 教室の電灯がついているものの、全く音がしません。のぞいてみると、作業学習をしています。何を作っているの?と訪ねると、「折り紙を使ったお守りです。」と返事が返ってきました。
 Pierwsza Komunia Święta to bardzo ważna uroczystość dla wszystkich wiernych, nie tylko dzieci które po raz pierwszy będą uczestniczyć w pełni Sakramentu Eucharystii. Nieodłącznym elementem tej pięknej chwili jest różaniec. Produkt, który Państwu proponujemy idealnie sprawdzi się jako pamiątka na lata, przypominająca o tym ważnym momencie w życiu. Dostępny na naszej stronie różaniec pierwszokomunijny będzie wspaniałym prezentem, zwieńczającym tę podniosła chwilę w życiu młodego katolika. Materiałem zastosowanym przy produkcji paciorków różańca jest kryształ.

^^^^^^^^

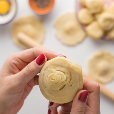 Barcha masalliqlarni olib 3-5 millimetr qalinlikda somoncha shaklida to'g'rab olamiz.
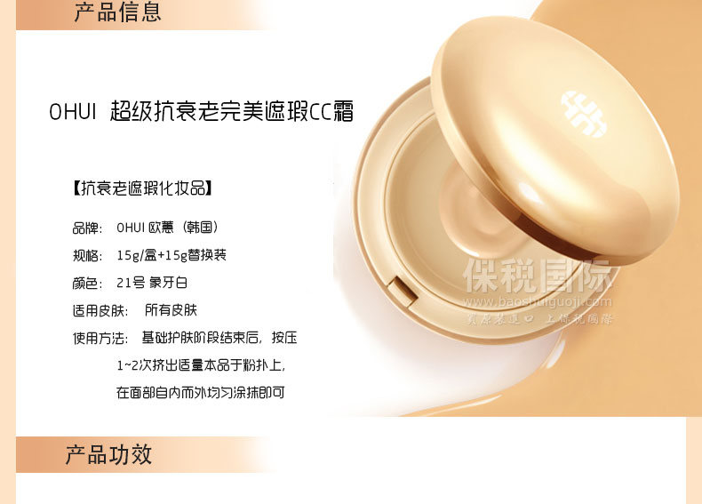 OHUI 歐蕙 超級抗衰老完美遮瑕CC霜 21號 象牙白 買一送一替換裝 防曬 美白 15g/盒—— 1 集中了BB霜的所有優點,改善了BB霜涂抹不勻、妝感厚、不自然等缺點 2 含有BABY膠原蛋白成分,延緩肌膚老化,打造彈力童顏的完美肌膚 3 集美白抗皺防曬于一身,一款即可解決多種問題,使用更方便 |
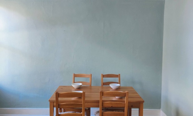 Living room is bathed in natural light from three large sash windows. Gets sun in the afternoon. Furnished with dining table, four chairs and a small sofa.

^^^^^^^^

Task requirements:
Although the records above contain pictures, the copy should not; retype exactly the lines from the one containing "Barcha masalliqlarni olib" through the one containing "OHUI 歐蕙 超級抗衰老完美遮瑕CC霜".

Response area:
 Barcha masalliqlarni olib 3-5 millimetr qalinlikda somoncha shaklida to'g'rab olamiz.
 OHUI 歐蕙 超級抗衰老完美遮瑕CC霜 21號 象牙白 買一送一替換裝 防曬 美白 15g/盒—— 1 集中了BB霜的所有優點,改善了BB霜涂抹不勻、妝感厚、不自然等缺點 2 含有BABY膠原蛋白成分,延緩肌膚老化,打造彈力童顏的完美肌膚 3 集美白抗皺防曬于一身,一款即可解決多種問題,使用更方便 |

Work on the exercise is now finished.